From my personal experience, it took me a while to get understand that being gender-responsive in search activities is not merely reserved for gender-studies graduates or feminism scholars, as I had tended to believe before. That myth gradually disappeared when I started getting involved in gender studies, getting occasions to attend conferences with cross-cutting themes including gender, presenting gender results to a wider and multi-disciplinary audience, including at the Seeds of Change conference.

From all the conferences/seminars I’ve attended I always go back with new ideas, new methods, new tools and more importantly, renewed energy to integrate gender components in the agricultural activities for which I’m accountable. For example, I’m excited to take a lead in developing a gender proposal for funding that is underway. I would be happy if it is funded, but if not, the most important thing is the experience itself that I’m getting through the process: having a critical thinking around gender, getting feedback from reviewers, and connecting with gender experts.
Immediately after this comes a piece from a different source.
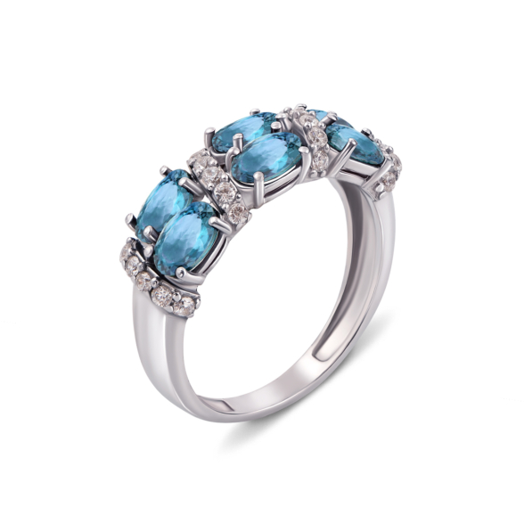 Срібна каблучка з топазом і фіанітами. Артикул 1632/9р
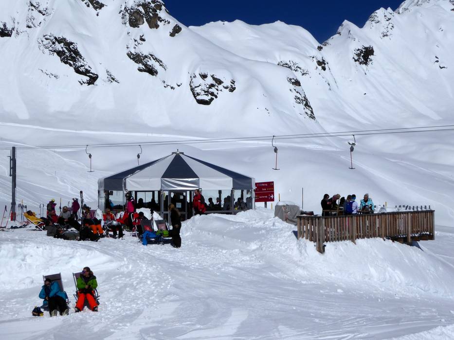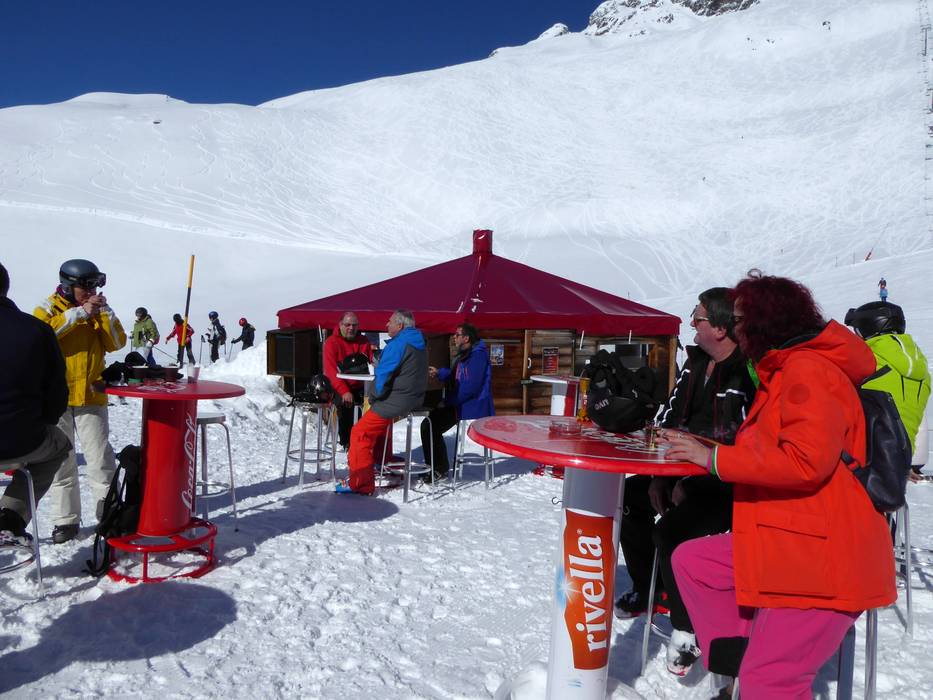 Die Pfirri Bar bietet Liegestühle und Stehtische im Freien. Hier kann man den Skitag bei Musik in gemütlicher Atmosphäre ausklingen lassen.

Integrating gender in proposal development is not merely showing how women and men will be involved in the project, just to meet the donor’s requirements. Rather, researchers need to clearly articulate how women and men are affected by the issue they are addressing; they need to have strategies of engaging and reaching women; they need to show how interventions will benefit women, and more importantly to show how results will empower women. These are the key messages I took from Dr. Jemimah Njuki and her team, presenting a paper on “Lessons and outcomes from integrating gender across agriculture and food security programs in the Global” at the Seed of Change conference.

For me, these are seeds I carried with me back to Burundi.